Because of this work I was later also given the parishes of Helena
Christina, Lebanon Weg, Moengo, Albina and Lange Tabbetje. Twice
a year I also had to travel into the jungle for six weeks for missionary
work and the celebration of the sacraments. I had the privilege
of establishing a new parish in the jungle, where on one Sunday
twenty nine converts became Christians and were baptised. In 1937,
I suffered work exhaustion and was declared unfit for further service.
That was a difficult time.
For economy reasons we had trained Surinamese staff at Saron. We
had bought a hundred hectares of land and were thus able to make
the Saron Children’s Home self-sufficient, with no need for
further outside help. What we really missed was the help of the
older Sisters.
Surinam, or Dutch Guyana, was where my mother spent her teenage
years. In our home we had photos on the wall of her dressed in traditional
Surinam costume. The country had a mixed population, predominantly
descendants of African slaves who had been brought to work the sugar
plantations, along with Creoles. Dutch trade had also brought Javanese,
Chinese, Indians and Europeans, and, mainly in the jungle, there
were the indigenous South American Indians. My mother was the only
European in her class at school.
The Boons spent the first five years in Surinam together as a family.

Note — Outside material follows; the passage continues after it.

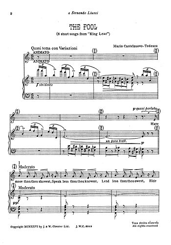 Like many composers who found themselves in exile during the war years, Castelnuovo-Tedesco composed in a very neoclassical and neoromantic style, reviving more traditional or antiquated ideas of melody, tonality and texture. His collection of Shakespeare Songs feature settings of verse from across the full range of the Bard's plays, and have proved to be great critical successes still widely performed today. Suitable to be adapted by most voices. the songs are interwoven with complex and thrilling Piano accompaniments that bring colour and energy to the often liberally edited texts. Book ten contains a set of six short songs adapted from King Lear .

On one of his trips up river into the rainforest, Dirk Boon took
his wife and daughter. The journeys were difficult, made in a corjalen
or long canoe, having to traverse waterfalls, whirlpools and rapids.
Two local men experienced in navigating the river were always taken
along. The journeys could take up to six weeks, and Mrs. Boon would
stay behind to manage the children’s home. Dirk Boon’s
father came to stay with his only son and granddaughter for six
months in Surinam.
A highlight was a family trip to New York in 1934. They had wanted
to travel to Trinidad to visit friends, but discovered that it would
cost no more to travel all the way to New York and back on the cargo
boat that was to take them. So they called at many of the Windward
and Leeward Islands of the Caribbean, Trinidad, Barbados, Santa
Lucia, Martinique, Dominica, Guadeloupe, Antigua, stopping a day
or so at each, and then on to New York. A favourite photo of our
childhood was of the three of them standing on the top of the Empire
State Building. The Three Beans in the Big Apple.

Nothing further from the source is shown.